[Extracted data entries]

Content starts

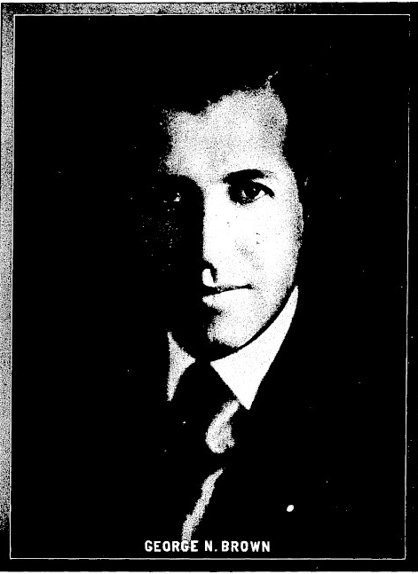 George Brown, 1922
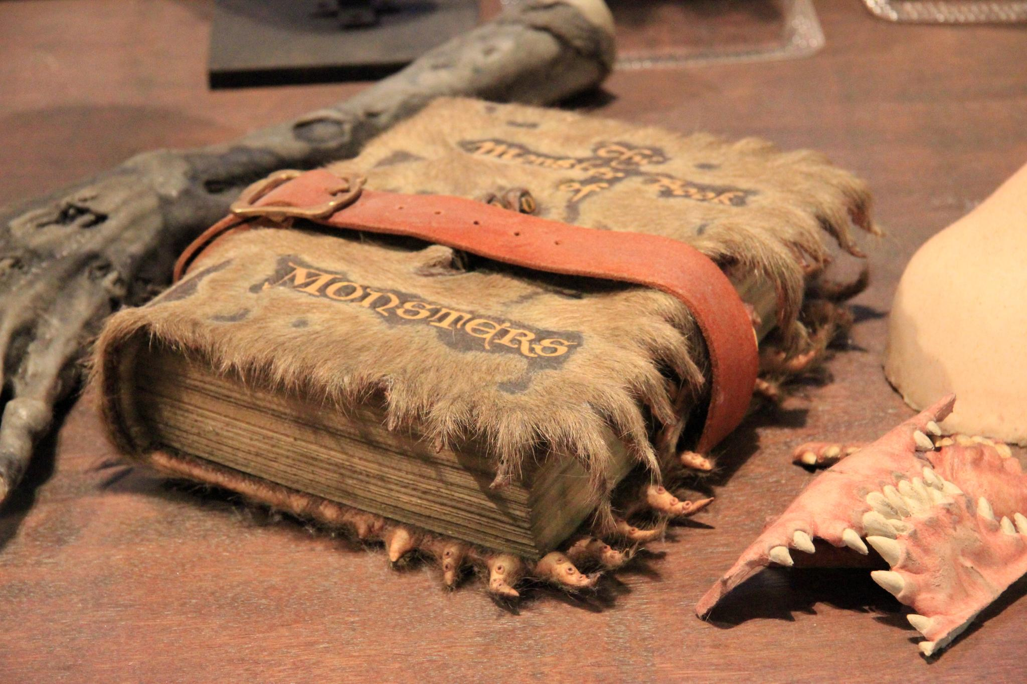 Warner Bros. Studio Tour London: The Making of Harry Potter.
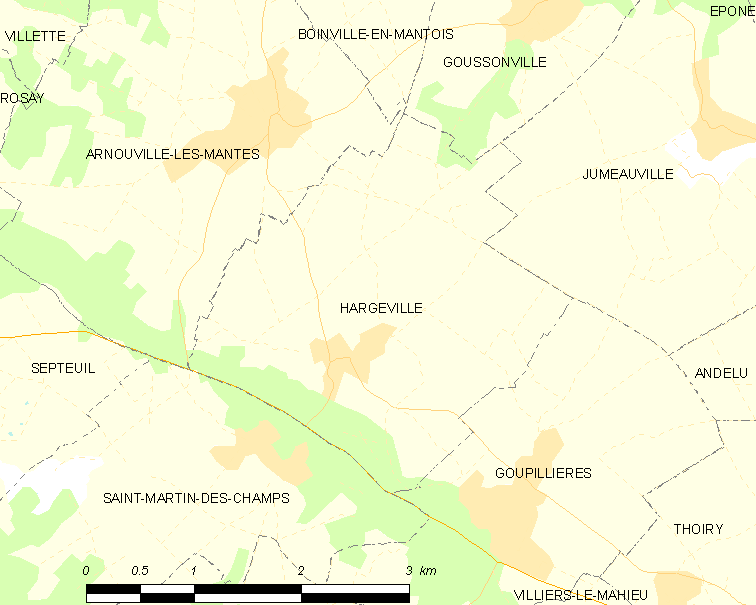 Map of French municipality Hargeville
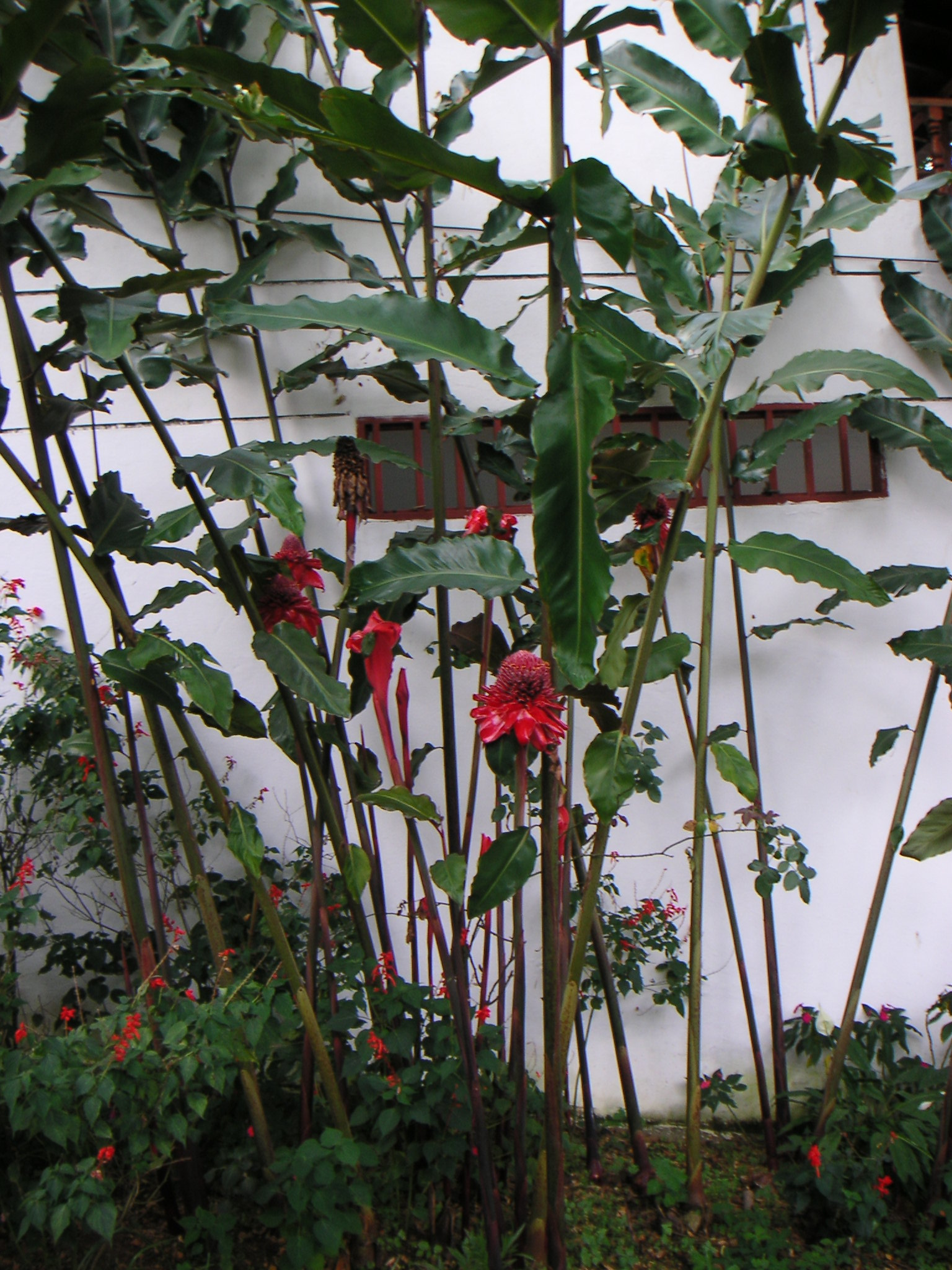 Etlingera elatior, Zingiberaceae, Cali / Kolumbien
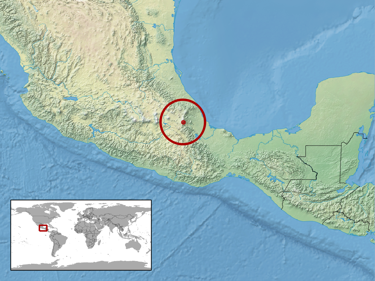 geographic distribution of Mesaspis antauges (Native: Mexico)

Content ends

• [ACTIVITY]: Emit an exact copy of the lines from the line bearing "Warner Bros. Studio" through the last line above, inclusive, and leave the images out.

• [SOLUTION TO THIS EXERCISE]:
 Warner Bros. Studio Tour London: The Making of Harry Potter.
 Map of French municipality Hargeville
 Etlingera elatior, Zingiberaceae, Cali / Kolumbien
 geographic distribution of Mesaspis antauges (Native: Mexico)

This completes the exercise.